Right now, Danaos has a P/S ratio of about 3.4. This is noticeably lower than the S&P 500’s average of 5.1. However, this is above the highs for this stock in particular over the past few years.

Zacks Investment Research

Image Source: Zacks Investment Research

If anything, this suggests some level of undervalued trading—at least compared to historical norms.

Broad Value Outlook

In aggregate, Danaos currently has a Zacks Value Style Score of A, putting it into the top 20% of all stocks we cover from this look. This makes Danaos a solid choice for value investors.

What About the Stock Overall?

Though Danaos might be a good choice for value investors, there are plenty of other factors to consider before investing in this name. In particular, it is worth noting that the company has a Growth grade of C and a Momentum score of C. This gives DAC a Zacks VGM score—or its overarching fundamental grade—of B. (You can read more about the Zacks Style Scores here >>)



Meanwhile, the company’s recent earnings estimates have been discouraging. The current quarter and full year has witnessed none estimate trend higher in the past sixty days and one lower, each.



As a result, the consensus estimate for the current quarter and the full year has declined by 14.9% and 5.7%, respectively in the past two months.

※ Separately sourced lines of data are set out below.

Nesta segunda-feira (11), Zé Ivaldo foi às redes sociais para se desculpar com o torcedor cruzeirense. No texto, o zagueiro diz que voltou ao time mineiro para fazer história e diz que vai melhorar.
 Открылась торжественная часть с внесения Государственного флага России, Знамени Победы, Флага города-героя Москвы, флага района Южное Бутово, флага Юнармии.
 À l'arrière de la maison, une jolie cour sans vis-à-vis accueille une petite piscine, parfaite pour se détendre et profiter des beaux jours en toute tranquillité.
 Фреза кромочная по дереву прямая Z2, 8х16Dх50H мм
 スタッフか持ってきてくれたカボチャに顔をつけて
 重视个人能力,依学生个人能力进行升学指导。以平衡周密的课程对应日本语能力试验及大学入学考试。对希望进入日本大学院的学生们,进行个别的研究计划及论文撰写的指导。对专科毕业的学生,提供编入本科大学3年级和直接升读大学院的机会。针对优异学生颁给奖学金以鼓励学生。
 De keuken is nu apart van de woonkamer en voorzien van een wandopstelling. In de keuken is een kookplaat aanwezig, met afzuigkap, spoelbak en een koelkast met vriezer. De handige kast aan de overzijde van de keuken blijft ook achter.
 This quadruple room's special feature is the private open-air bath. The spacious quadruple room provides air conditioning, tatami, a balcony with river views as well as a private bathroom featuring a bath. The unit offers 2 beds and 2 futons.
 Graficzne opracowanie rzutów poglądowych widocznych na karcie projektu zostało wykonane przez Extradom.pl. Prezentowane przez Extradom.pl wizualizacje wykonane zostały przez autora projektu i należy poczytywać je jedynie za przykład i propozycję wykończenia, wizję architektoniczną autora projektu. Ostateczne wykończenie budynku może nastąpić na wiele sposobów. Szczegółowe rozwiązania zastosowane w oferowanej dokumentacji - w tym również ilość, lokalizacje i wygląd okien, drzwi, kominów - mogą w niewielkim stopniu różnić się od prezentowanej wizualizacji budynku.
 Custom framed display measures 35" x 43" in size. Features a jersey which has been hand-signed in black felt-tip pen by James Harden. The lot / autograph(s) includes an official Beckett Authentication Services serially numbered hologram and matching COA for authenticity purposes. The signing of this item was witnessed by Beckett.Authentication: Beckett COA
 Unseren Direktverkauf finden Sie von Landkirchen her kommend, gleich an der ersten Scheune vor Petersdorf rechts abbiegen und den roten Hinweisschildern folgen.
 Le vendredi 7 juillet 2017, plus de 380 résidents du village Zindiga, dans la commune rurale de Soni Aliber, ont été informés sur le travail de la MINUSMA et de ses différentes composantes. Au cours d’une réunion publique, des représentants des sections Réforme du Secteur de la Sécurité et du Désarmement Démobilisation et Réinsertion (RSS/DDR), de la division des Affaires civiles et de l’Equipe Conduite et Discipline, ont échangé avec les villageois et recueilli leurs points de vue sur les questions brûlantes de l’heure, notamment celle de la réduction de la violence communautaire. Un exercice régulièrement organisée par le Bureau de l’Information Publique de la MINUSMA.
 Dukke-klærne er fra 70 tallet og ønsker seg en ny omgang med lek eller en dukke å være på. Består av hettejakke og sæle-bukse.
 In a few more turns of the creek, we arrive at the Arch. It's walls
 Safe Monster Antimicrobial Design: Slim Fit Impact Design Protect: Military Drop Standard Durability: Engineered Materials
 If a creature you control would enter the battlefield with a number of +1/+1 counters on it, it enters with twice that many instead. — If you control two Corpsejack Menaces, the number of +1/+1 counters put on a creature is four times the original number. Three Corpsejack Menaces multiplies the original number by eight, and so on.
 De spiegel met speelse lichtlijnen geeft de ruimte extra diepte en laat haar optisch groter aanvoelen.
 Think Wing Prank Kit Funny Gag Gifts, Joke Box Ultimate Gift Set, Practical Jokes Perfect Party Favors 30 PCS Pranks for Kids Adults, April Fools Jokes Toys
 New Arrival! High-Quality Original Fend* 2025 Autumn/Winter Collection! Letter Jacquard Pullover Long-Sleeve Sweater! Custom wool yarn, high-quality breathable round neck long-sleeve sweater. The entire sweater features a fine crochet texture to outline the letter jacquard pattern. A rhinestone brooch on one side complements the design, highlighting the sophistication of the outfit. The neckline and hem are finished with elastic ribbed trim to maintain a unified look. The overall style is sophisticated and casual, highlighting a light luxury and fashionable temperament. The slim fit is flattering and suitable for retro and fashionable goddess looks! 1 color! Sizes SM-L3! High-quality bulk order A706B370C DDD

You can see the consensus estimate trend and recent price action for the stock in the chart below:

This bearish trend is why the stock has just a Zacks Rank #3 (Hold) despite strong value metrics and why we are looking for in-line performance from the company in the near term.

Bottom Line

Danaos is an inspired choice for value investors, as it is hard to beat its incredible lineup of statistics on this front. Moreover, a strong industry rank (top 30% out of more than 250 industries) further supports the growth potential of the stock. However, with a Zacks Rank #3, it is hard to get too excited about this company overall. In fact, over the past year, the sector has clearly underperformed the broader market, as you can see below:

Zacks Investment Research

Image Source: Zacks Investment Research

So, value investors might want to wait for estimates and analyst sentiment to turn around in this name first, but once that happens, this stock could be a compelling pick.